EEPROMex "Exceeded maximum number of writes"

PeterH:
So it sounds like you have a 'letter' identifying the chord which is assigned by choosing the first unassigned letter when the chord is first encountered, and a 'chordValue' which somehow specifies the chord. What data type is 'chordValue'?

an int, I tried a byte which should have theoretically been sufficient but it proved difficult.
I had to divide the unique value aka chordValue that the user created to fit into a 255 value range. The removing of the fractional value along the way, made me account for slight discrepancy thus reducing the value space of a byte by around a third.
I need to rewrite how the chordValue is derived to make the necessary action feel more consistent to the user, so what the values will be are still up in the air, but I think its safe to say at this point that its out of the range of a byte and within the range of an int.

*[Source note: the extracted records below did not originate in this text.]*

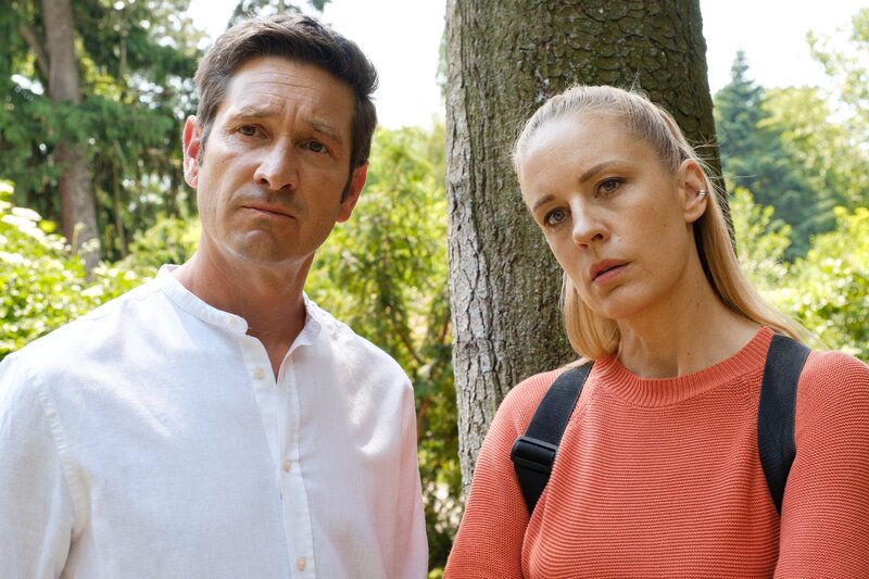 • Bezirksinspektor Klaus Lechner (Andreas Kiendl) und Gruppeninspektorin Penny Lanz (Lilian Klebow) versetzen sich in den möglichen Tathergang, wie der Verdächtige Drassl seine Freundin Tamara Jansen im Park getötet haben kann.
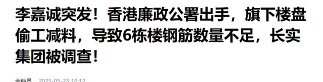 金融界2025-05-23 16:12|——李嘉诚突发!香港廉政公署出手,旗下楼盘偷工减料,导致6栋楼钢筋数量不足,长实集团被调查!
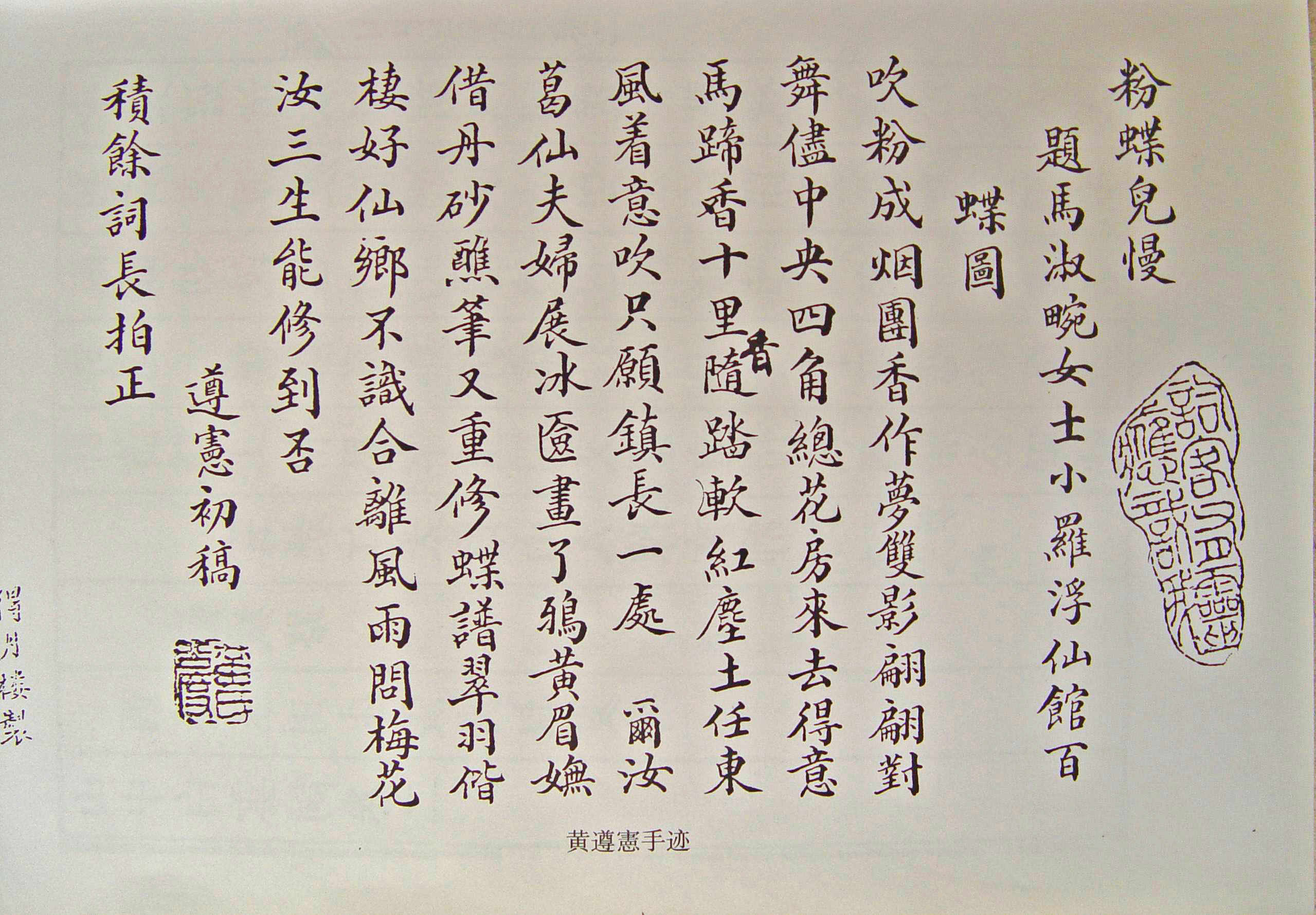 黄遵宪(1848-1905) 字公度。广东嘉应州(今梅县)人。光绪二年(1876)举人。历任驻日使馆参赞、驻美国旧金山总领事、驻英使馆参赞、驻新加坡总领事、江宁洋务局总办。擢湖南长宝盐法道,署按察使,参加变法维新运动。充出使日本大臣,以病未行,戊戌政变作,罢官回籍。工诗,为晚清诗界革命领袖。能熔铸新理想以入旧风格,千变万化,元气淋漓,卓然大家。亦能词,传世甚罕。有《人境庐诗草》、《日本杂事诗》,其词见《近代词钞》。

I think ive come up with away to check the value without making an array.

char checkAlt(int chordValue, int modifier)//untested
{
  int startAddress;
  int endAddress;
  if (modifier==96)
  //lower case letters
  {
    startAddress=1;
    endAddress=27;
  }
  if (modifier==38)
  //Capital letters
  {
    startAddress=27;
    endAddress=53;
  }
  //add more modifier definitions here, for symbols
  for(int i=startAddress;i>endAddress;i++)
  {
    int address=i*2-1;
    //this should assure a unique address for an int, given values are correct
    //probably could have incremented by 2, but the same vars would still need definitions
    int tempChord=EEPROM.readInt(address);
    if(tempChord==chordValue)
    {
      lastLetter=char(i+modifier);
      return lastLetter;
    }
  }
}

Still doesn't negate the "maximum write" problem, in fact It could make it worst, but it does take care of the issue of size. I just need to write an assignment function now.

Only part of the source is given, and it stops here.